1. This assignment is part of the CBL (challenge-based learning) line of the Bachelor program. As part of the challenge, you are to formulate your own problem statement (question) **related to the gas and/or electricity consumption** of an individual household. You may find inspiration in the results you obtained for GA1, in the knowledge from previous courses or from high school, the news, or just common sense. Formulate a question that you may reasonably be able to answer with the data you have here. The question should be interesting for other households as well, or it might be relevant for energy providers or in the context of energy transition (from gas to electricity).

   Store your problem statement as a string in the variable `problem_statement`.

   In case you find it hard to think of a problem statement, you could try thinking in one of the following directions. While you are welcome to use these ideas, take into account that you can earn bonus points for coming up with an interesting and original problem statement.
    1. Many people set their thermostat to a lower temperature at night than during the day. For example, at night, heating might be set to maintain the room temperature of 15 degrees Celsius, but during the day the thermostat is set to maintain the temperature at 20 degrees Celsius. You could write a problem statement related to the presence of such patterns in the data.
    1. You could create a prediction model for gas usage. The data you have here is very different from GA1, but you could train a regression model using weather and gas usage data and then explore potential bias of your model. For example: are there differences in model performance on colder days versus warmer days?

In [None]:
#// BEGIN_TODO [Problem-statement] (0 points)

# ===== =====> Replace this line by your code. <===== ===== #


In [None]:
#// END_TODO [Problem-statement]

2. Now formulate a general hypothesis that could help to address the question from the problem statement that you have formulated. This hypothesis may only provide a part of the answer, but that is enough for this assignment. A good hypothesis for this assignment should lead to potentially useful insights. Ask yourself what you could learn depending on the outcomes of your hypothesis testing; how can the knowledge you created be used? The result is interesting, whether the hypothesis will be rejected or not. Remember that you cannot prove a causal relationship.

   Here is an example of a reasonable general hypothesis unrelated to this project: "Students who do sports perform better in their university studies.". You cannot be sure of the outcome of hypothesis testing in advance, and any outcome, rejecting the hypothesis or not, is interesting and relevant.
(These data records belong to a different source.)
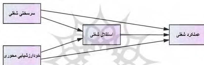
شکل (۱) مدل مفهومی پژوهش
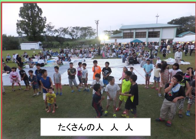
たくさんの人 人 人
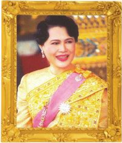
ทึมายุกา โทตุ มหาราชนึ “ขอพระองค์ทรงพระเจริญ”

มูลนิธิอภิญญา ม.อ.ศ. อโรคยศาล The Aphinye Arakheesale Foundation www.aharapinong.org

   Store your hypothesis as a string in the variable `hypothesis`.

In [None]:
#// BEGIN_TODO [Hypothesis] (0 points)

# ===== =====> Replace this line by your code. <===== ===== #


In [None]:
#// END_TODO [Hypothesis]

3. Refine your general hypothesis into a **testable** hypothesis.

   **Ask questions**

   Carefully go over your hypothesis and note which parts are not sufficiently specific or not testable. You could write it down on paper and underline any words that could be more specific. For each of the underlined keywords, ask (write down) questions that could help specify this part. Even trivial things are welcome. You do not need to answer these questions right away; that comes in the next step. Questions can be:
   - What is this, exactly?
   - How can we choose a threshold value? Why is that a reasonable choice?
   - What should be measured to represent this keyword?
   - Is there enough data to test the hypothesis and to see a baseline?
   - What are confounding variables and how can we reduce the number of confounding variables?

   **Answer questions**

   Now start answering the questions from the previous step. You may also want to check the available data for some of them: when you make decisions you want to make sure you keep enough data. Even when you keep enough data, you still should check that you are not discarding too much.
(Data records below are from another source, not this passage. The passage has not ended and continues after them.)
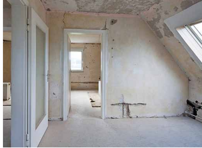
Damit das Dachgeschoss nach dem Dachausbau viel Wohnkomfort bietet, sollten Hausbesitzer vor der Sanierung ihre Vorstellungen zusammenfassen und mit einem Planer besprechen. Zu diesem Zeitpunkt werden dann auch die gesetzlichen Vorgaben und eine mögliche KfW-Förderung geprüft.
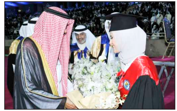
• سمو لي العهد يتلقى باقة ورد لدى وصوله
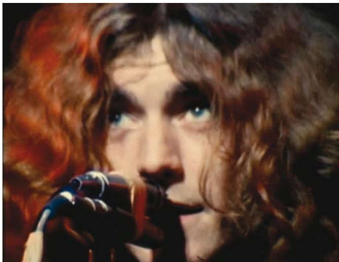
Led Zeppelin live at the Royal Albert Hall de Peter Whitehead

   You can find an elaborate refinement of the example hypothesis "Students who do sports perform better in their university studies." in `Example_hypothesis_refinement.pdf` which was included in the ZIP of this assignment.
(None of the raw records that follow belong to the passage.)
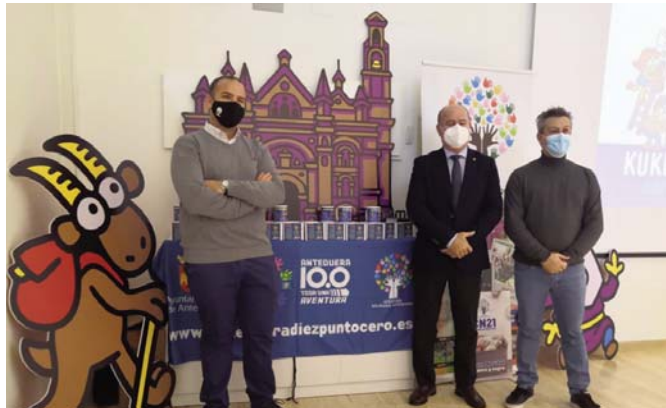
Durante la presentación del proyecto VIVA

ANTEQUERA | Antequera como nunca vista antes. Aventura Solidaria ha promovido el desarrollo de una nueva marca promocional para la ciudad que aterriza en el universo de Kukuxumusu, empresa que se ha encargado de recrear a su estilo las principales señas de identidad en el desarrollo de esta simpática imagen corporativa.
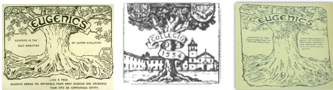
Figura 6: Comparação entre três logos.

Apresentadas lado a lado, as três imagens exibem certa semelhança, seja em relação aos símbolos de que lançam mão para sua composição, seja nos significados que inspiram.
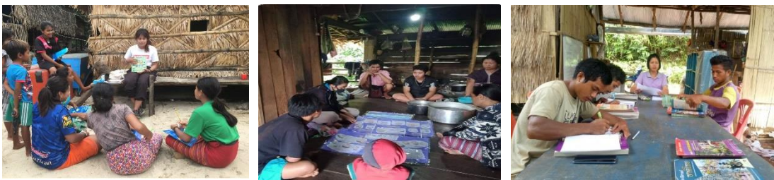
ภาพประกอบเป้าหมายที่ ๘.๒ ครูและเด็กนักเรียนสามารถถ่ายทอดความรู้โดยการเป็นวิทยากร

เป้าหมายที่ ๘.๒ ครูและเด็กนักเรียนสามารถถ่ายทอดความรู้โดยการเป็นวิทยากร
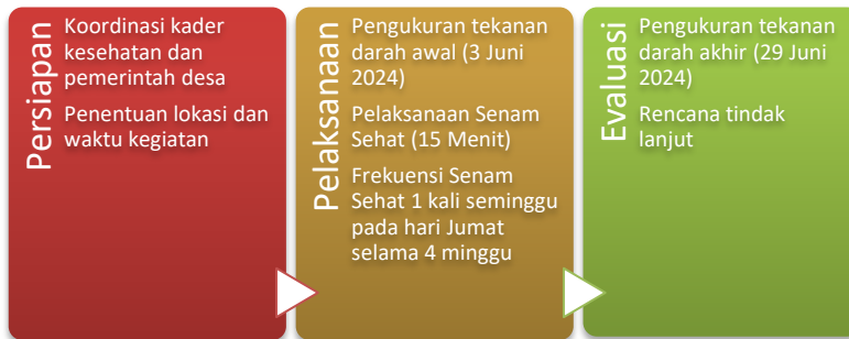
Gambar 1. Alur Kegiatan

gerakan inti, dan pendinginan. Program senam ini dirancang agar mudah diikuti oleh lansia dan aman dilakukan dengan bimbingan instruktur yang berpengalaman. Program latihan fisik sehat ini dilaksanakan seminggu sekali, setiap hari Jumat, selama empat minggu berturut-turut. Setiap sesi latihan fisik dirancang untuk merangsang sirkulasi darah, memperkuat jantung, dan membantu menurunkan tekanan darah peserta. Selama tahap evaluasi, setelah empat sesi program latihan fisik sehat, dilakukan post-test dengan mengukur tekanan darah peserta untuk menilai dampak program. Data yang terkumpul dianalisis secara deskriptif, dengan membandingkan tekanan darah peserta sebelum dan sesudah program untuk mengevaluasi perubahan yang diamati setiap minggu.

   Store your refined hypothesis as a string in the variable `refined_hypothesis`. Keep your notes, as they may be useful for the poster.

In [None]:
#// BEGIN_TODO [Refined-hypothesis] (0 points)

# ===== =====> Replace this line by your code. <===== ===== #


In [None]:
#// END_TODO [Refined-hypothesis]

# Identify atypical periods

In this section, you will identify periods of atypical energy consumption that you would possibly like to eliminate from consideration when testing your hypothesis. Including atypical data into the data sample for testing your hypothesis might lead to wrong results. Depending on your hypothesis, you may end up with different definitions of what is atypical. This data set has at least one clear form of atypical data, already visible in Section 7 (Taking a first look at the data). There are periods when energy consumption is much lower than surrounding periods: less gas and/or electricity was used than just before and after that period. Perhaps the people who live in this house were away on holiday. Whatever the case may be, these periods are not representative of normal use of gas and electricity.

The first plots from Section 7 (Taking a first look at the data) showing all data values (per hour) are difficult to read and interpret, since the data is too volatile. The task to perform using visual inspection is to see when the houses were presumably empty.
* When people are not away, we expect to see at least some period during that day when more electricity was used than only by fridges, TVs in standby mode, etc.
* The same holds for gas: if people are away, they might put their thermostat a bit lower (or not), still consuming some gas for heating in winter, but not for taking showers or cooking.

The active gas/electricity usage periods would manifest themselves in different typical values or in different high values.

To make plots more readable, filtering data or aggregating data is often a good step. In this case, you will aggregate the data per day, but which value do you want to compute for each day? Taking the minimum value of the day is not likely to be interesting: nearly all households have some period of a day when consumption is very low. Taking the maximum value might work, but there could be outliers, making days with very low energy consumption look like a regular day. A good alternative would be to take something *near* the maximum value: a high quantile, for example (look at the EDA programming exercises if needed to refresh your knowledge).

1. Compute daily peak consumption of gas and electricity per day for each of the two households and store them in `df_daily_peak_household_1` and `df_daily_peak_household_2`. Make sure that the index for both dataframes is using the `date` column and is still in datetime format.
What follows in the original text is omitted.